Exercises of the day

  • Exercise 0 Environment and libraries
  • Exercise 1 Regression - Optimize
  • Exercise 2 Regression example
  • Exercise 3 Multi classification - Softmax
  • Exercise 4 Multi classification - Optimize
  • Exercise 5 Multi classification example

Virtual Environment

  • Python 3.x
  • NumPy
  • Pandas
  • Jupyter or JupyterLab
  • Keras

Version of Keras I used to do the exercises: 2.4.3. I suggest to use the most recent one.

Ressources

Exercise 0 Environment and libraries

The goal of this exercise is to set up the Python work environment with the required libraries.

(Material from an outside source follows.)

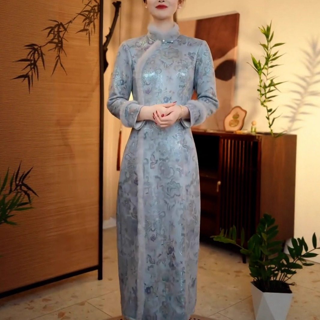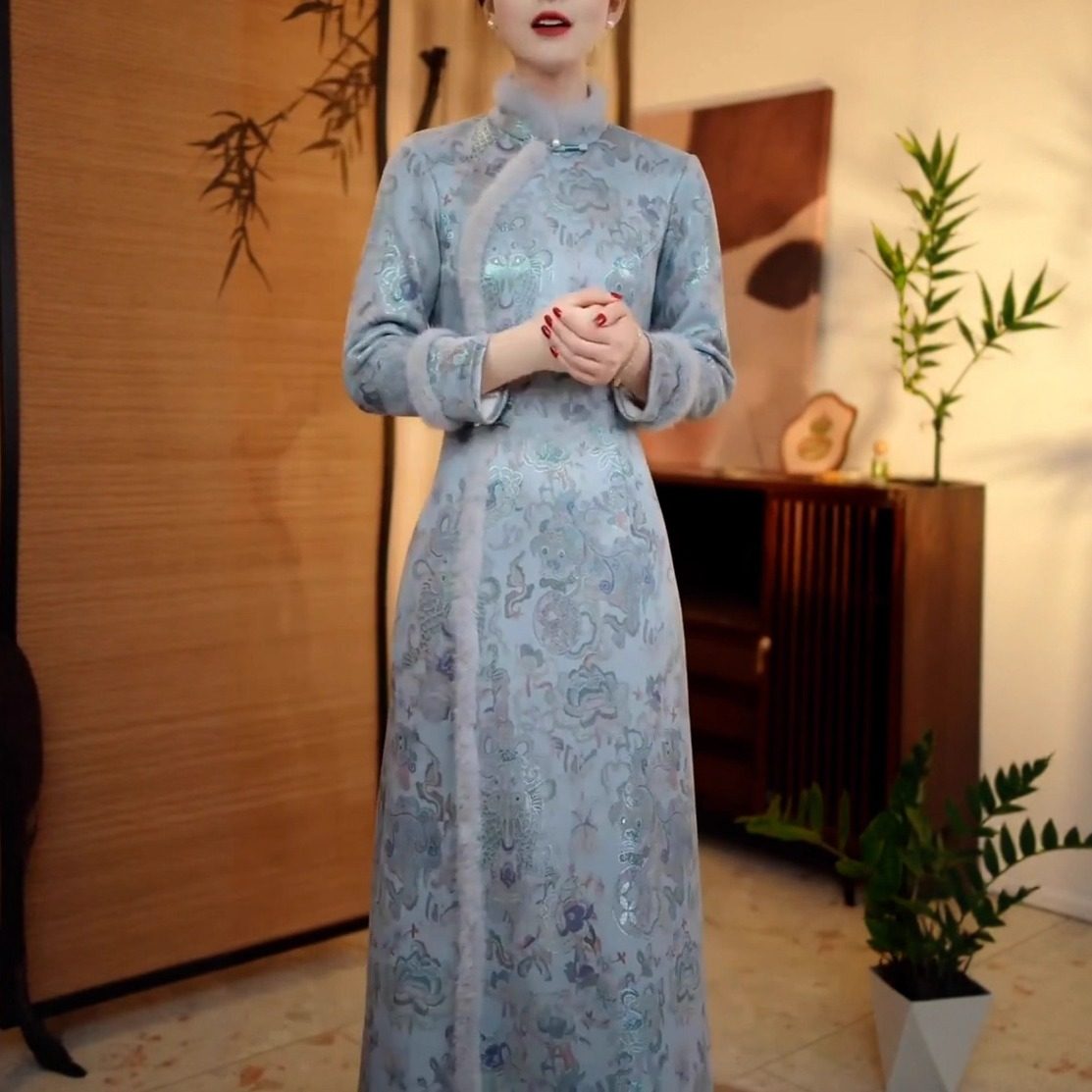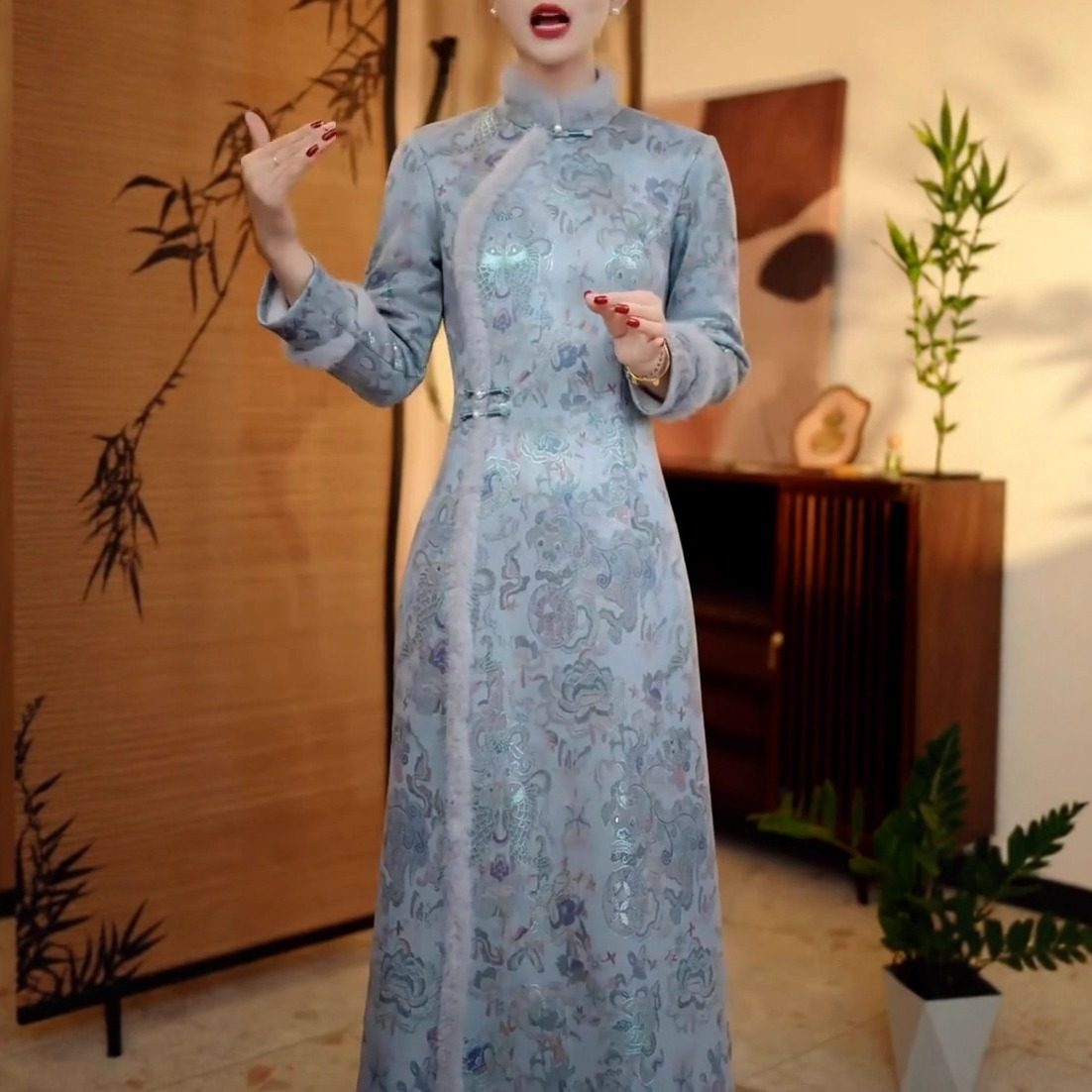 秋冬新款高端加绒加厚新中式国风复古重工提花改良旗袍气质连衣裙

Note: For each quest, your first exercice will be to set up the virtual environment with the required libraries.

I recommend to use:

  • the last stable versions of Python.
  • the virtual environment you're the most confortable with. virtualenv and conda are the most used in Data Science.
  • one of the most recents versions of the libraries required
  1. Create a virtual environment named with a version of Python >= 3.8, with the following libraries: pandas, numpy, jupyter and keras.